Ashton Graybiel Spatial Orientation Laboratory

Effects of Fatigue and Motion Exposure on Performance

A subject being swung in multiple directions in the Graybiel Lab Spinning Space Chair

The U.S. Navy is faced with the problem of optimizing performance of increasingly smaller crews on new, small combat ships. Fatigue degrades performance, but a major limitation of current predictive fatigue models is that they have not been tested at sea or under conditions of repetitive whole body motion. Another limitation is that testing of fatigue models has largely been limited to evaluating predictions about cognitive vigilance.

We have performed a study to determine how exposure to motion, level of sleep deprivation, and the combination of these two factors affect performance in cognitive, sensory and motor domains.

Sixty-two subjects were randomly assigned to one of four conditions which included all combinations of two sleep deprivation conditions (eight hours or four hours of contiguous night-time sleep for two nights) and two motion exposure conditions (normal stationary conditions or horizontal-linear swing during performance testing).
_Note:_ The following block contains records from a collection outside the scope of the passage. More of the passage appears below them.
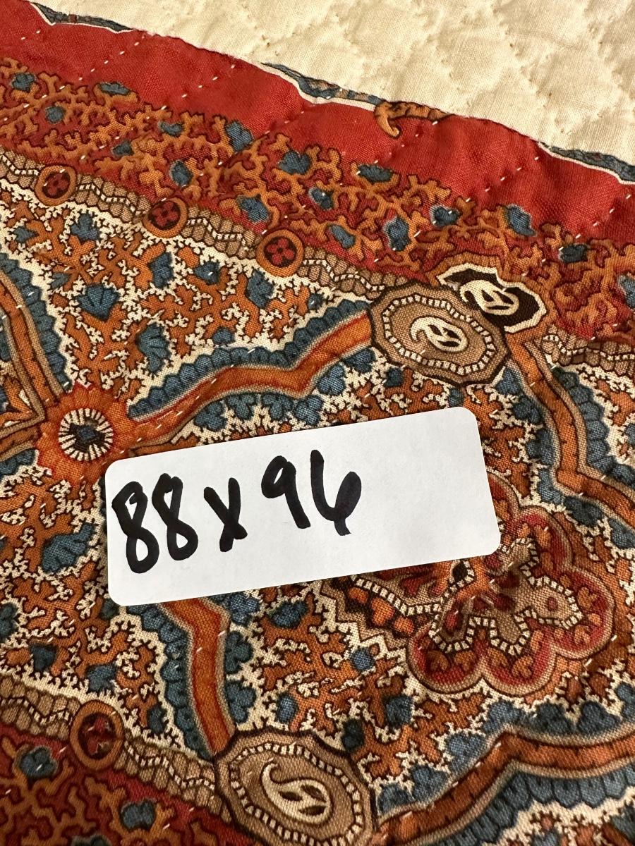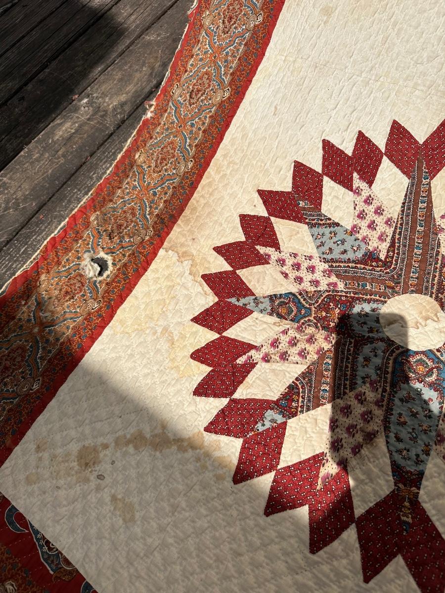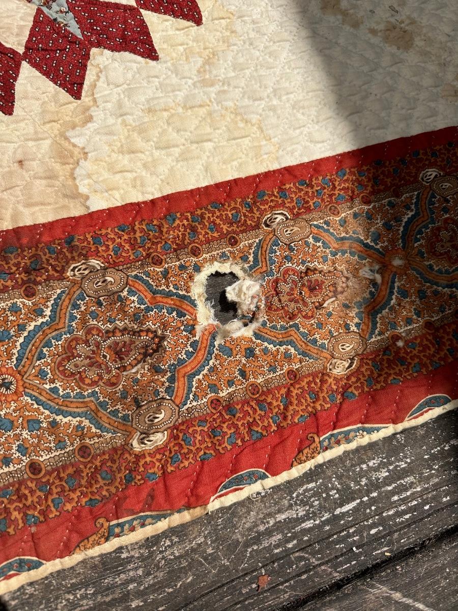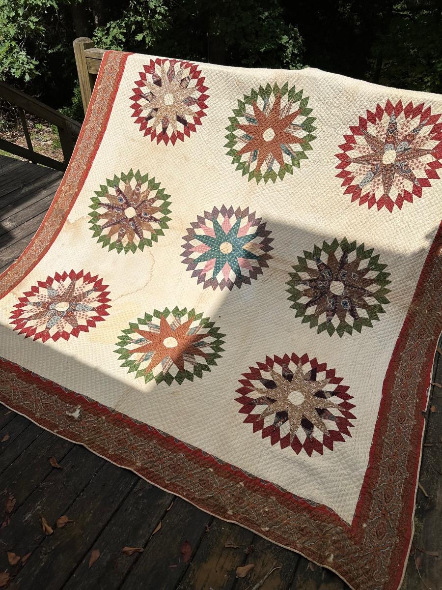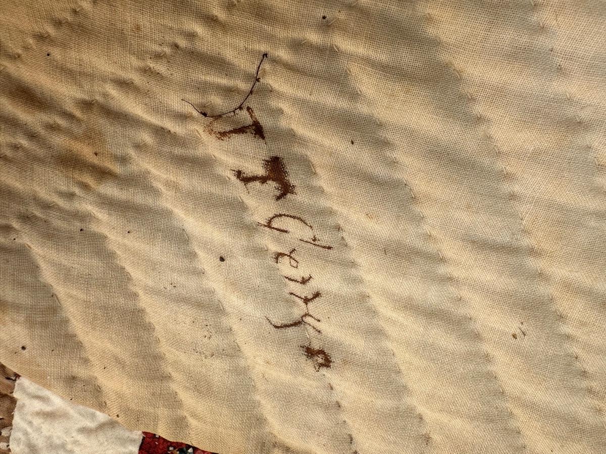 VINTAGE QUILT, TATTERED AND STAINED SIGNED TJ GETTYS 88X96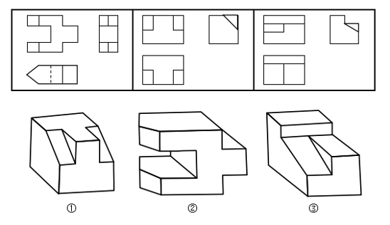 【题目分析】三视图分别是三个立体图形的主视图、俯视图和左视图。只有立体图形①的俯视图能看到一个“凸”字形面和左右两个小矩形,故图①对应的是第二个三视图,排除C、D两项;立体图形②上下相同,其正视图也应该是上下长得一样,对应的是三视图的第一个,排除B项;验证A选项,立体图形③的俯视图应该有一个长矩形和两个竖着的矩形,可与三视图的第三个相对应,A当选。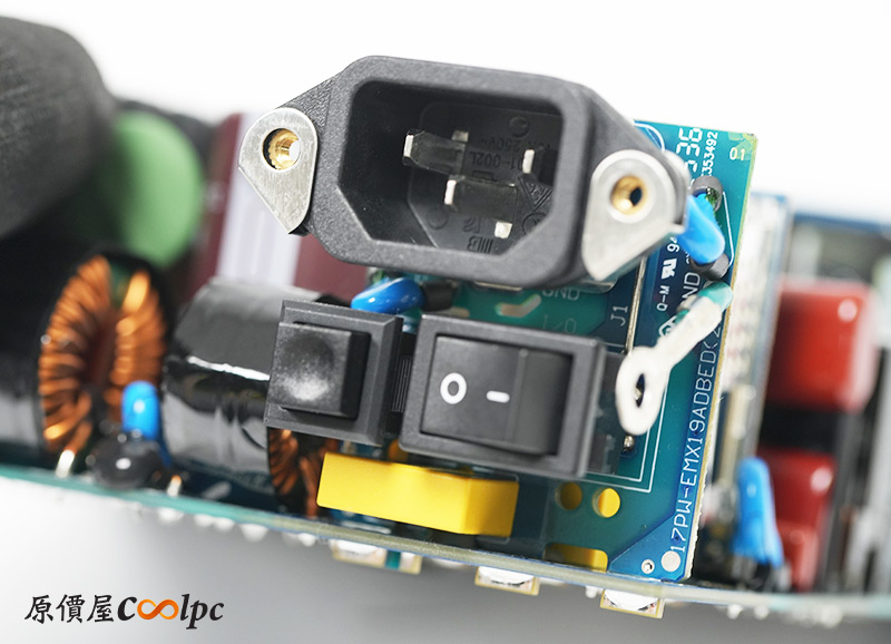 後方是POWER CORD插孔,還有電源翹板開關,以及剛剛提到的風扇ECO模式按鈕,其餘面積也是幾何造型孔洞輔助散熱。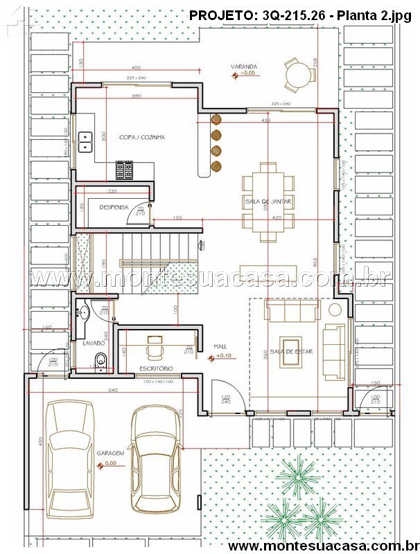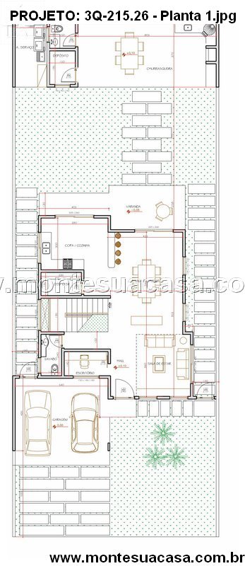 Projeto moderno com 3 suítes, varanda gourmet, escritório e garagem para 2 carros. Ideal para terrenos a partir de 10m de frente.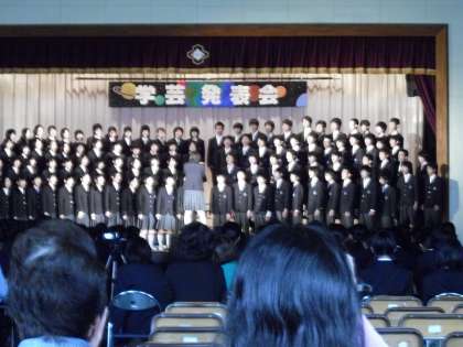 尾山台中学校の創立60周年を記念にして、先週の金曜日の22日に学芸発表会が行われました。その1つとして合唱コンクールがあり、全ての学年・学級の子どもたちが真剣に取り組んでいました。世田谷9年教育の我がグループンの生徒が一生懸命に取り組み、自校の60周年を祝い、愛する心をはぐくむ一時は、とても心温まる思いがしました。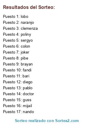 Resultados del sorteo:
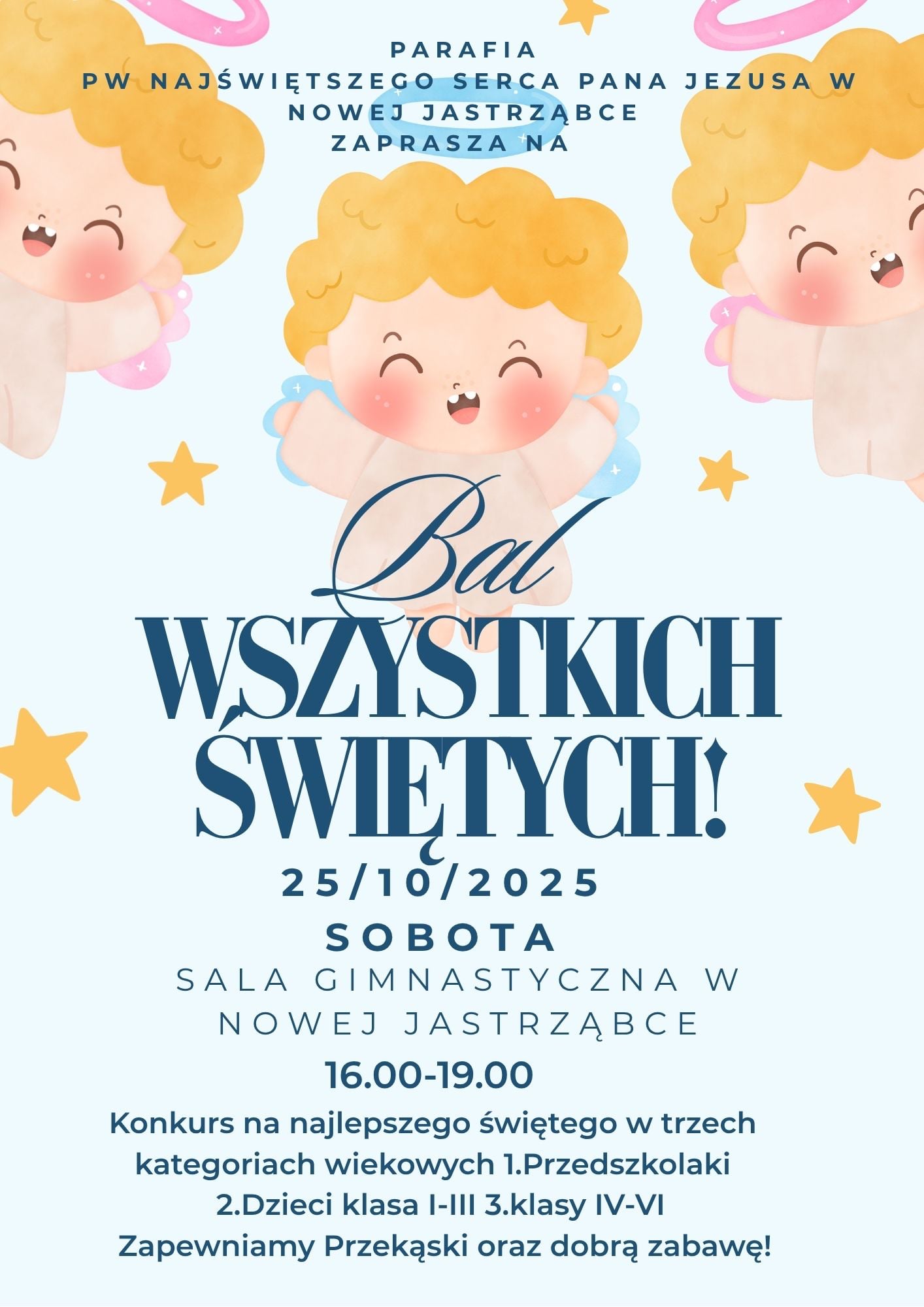 - Przypominamy, że w sobotę (25 października) odbędzie się „Bal Świętych” dla dzieci od przedszkolaków do VI klasy. Podczas balu konkurs na najlepszy strój świętego w trzech kategoriach wiekowych: 1. Przedszkolaki; 2. dzieci klasa I – III oraz; 3. klasy IV – VI. Bal odbędzie się na sali gimnastycznej w Nowej Jastrząbce, rozpoczęcie o godz. 16.oo zakończenie o godz. 19.oo. Serdecznie zapraszamy. Plakat poniżej ogłoszeń ↓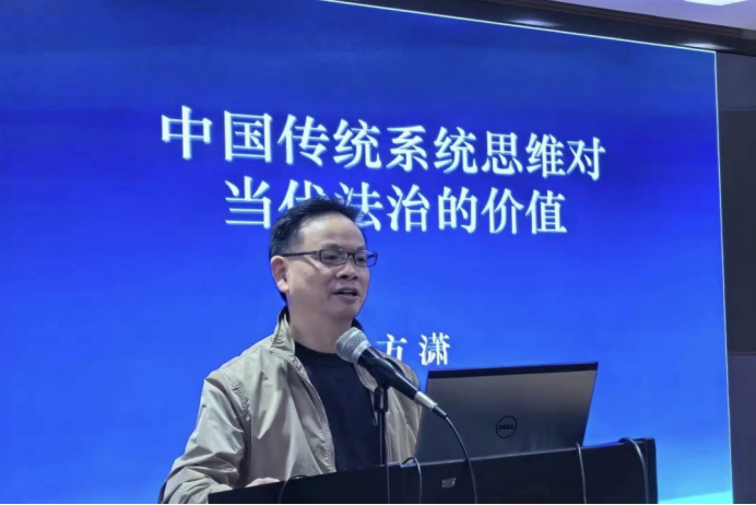 方潇教授,发言题目为《传统系统思维对当代法治的价值》。他首先阐述了中国传统系统思维的内涵,随后以“保辜”制度为切入点引出古今中西在系统思维方面的差异,最终落脚到中国传统文化要“取其精华、去其糟粕”。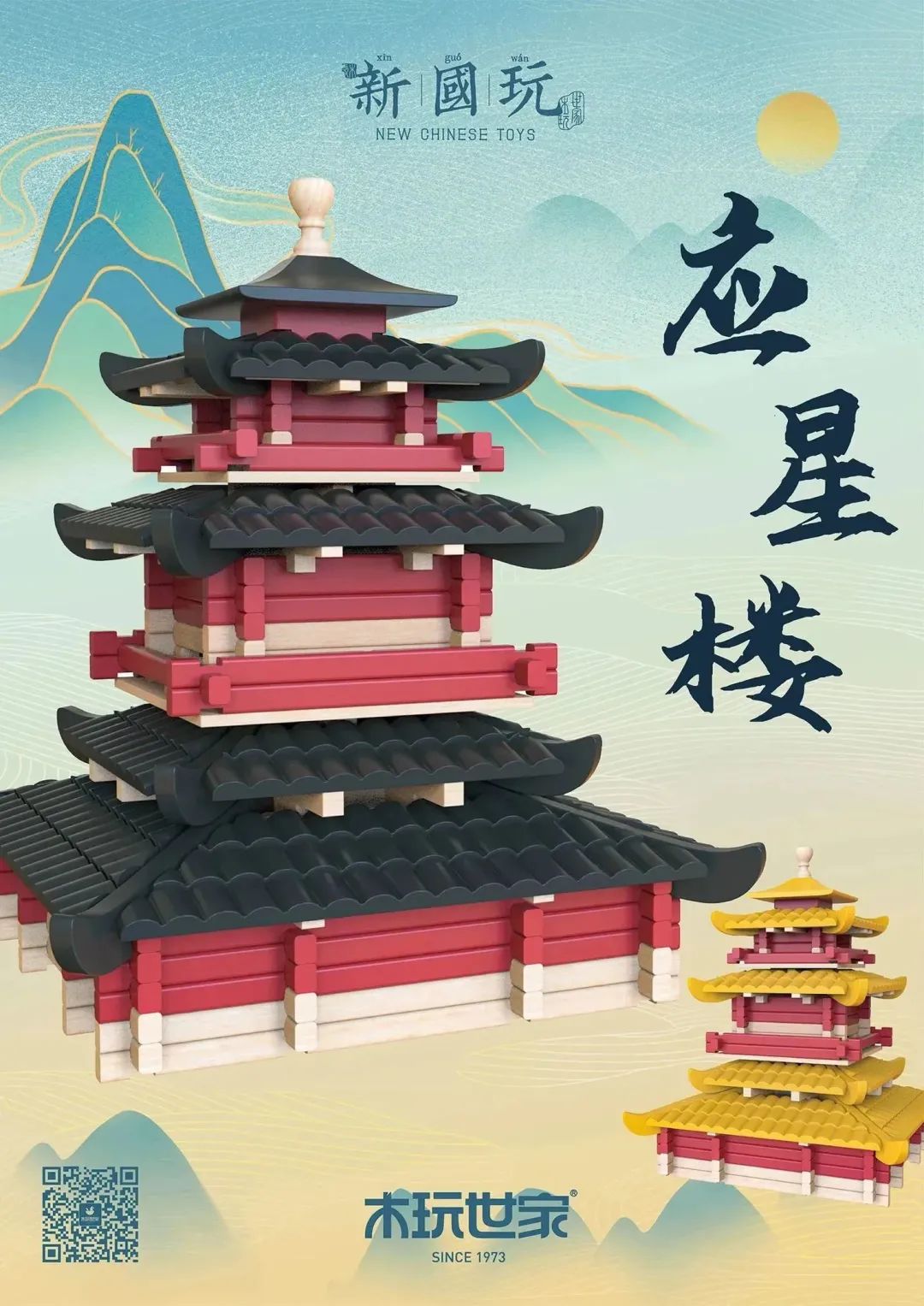 應(yīng)星樓,應(yīng)星而名,遙對“處士星”,為古處州千年歷史的見證。如今,應(yīng)時再建,舊名新顏,成為今麗水耀古爍今的標(biāo)志。在麗水本土特色產(chǎn)業(yè)的基礎(chǔ)之上,以積木玩具的形式來還原這座承載著處州的千年歷史的木構(gòu)建筑,寓教于樂,以此傳承麗水城市文脈并時刻喚起人們對歷史的回憶。應(yīng)星樓積木整體造型依照應(yīng)星樓建筑外觀設(shè)計,以榫卯結(jié)構(gòu)整合了各層建筑,去繁就簡,簡單的凹凸結(jié)合的連接方式凝練出應(yīng)星樓的整體木構(gòu)形象。每層屋頂配以繁密的青瓦和出挑的飛檐更顯精致,青、紅和原木的搭配傳承了中國傳統(tǒng)配色并保持了原木感。傳統(tǒng)和現(xiàn)代的碰撞使得這仿古建筑積木玩具妙趣橫生。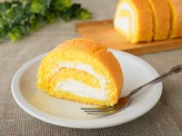 生地の焼き面を綺麗に剥がしてラップの上に置きます。巻き終わりの部分を斜めに切り落としてシロップを打ったら、クリームを手前厚めで巻き終わりを薄めに塗り、手前から巻きます。

An 80-minute battery of performance tests of vigilance, visual-spatial perception, and motor learning was repeated throughout the days before and after the two nights of controlled sleep.

Sleep deprivation and motion exposure increased sleepiness and motion sickness. The effects of sleep deprivation and motion did not interact but were approximately linearly additive. The effects of sleep deprivation and motion on performance increased as the conscious, attentional demands of the task grew. Effects were least on the motor learning task, intermediate on the vigilance task and greatest on the perceptual learning task.

In this study, we stopped swinging subjects when they experienced more than a moderate level of motion sickness, resulting in underestimation of the effects of motion because more than half of the swinging subjects would not have been able to do any of the tasks in the latter portions of most sessions if motion had continued. Our results also underestimated effects of motion in operational conditions because the motion exposure our subjects had was only during the test sessions whereas sailors on a ship are exposed to motion continuously.

It would be useful to employ a higher level of sleep deprivation and motion exposure, and to test participants in other cognitive tasks that impose a greater cognitive load. Additionally, future studies should include a greater range and number of sleep deprivation conditions and motion exposure conditions. This would facilitate the development of operationally predictive models, including nonlinear modeling.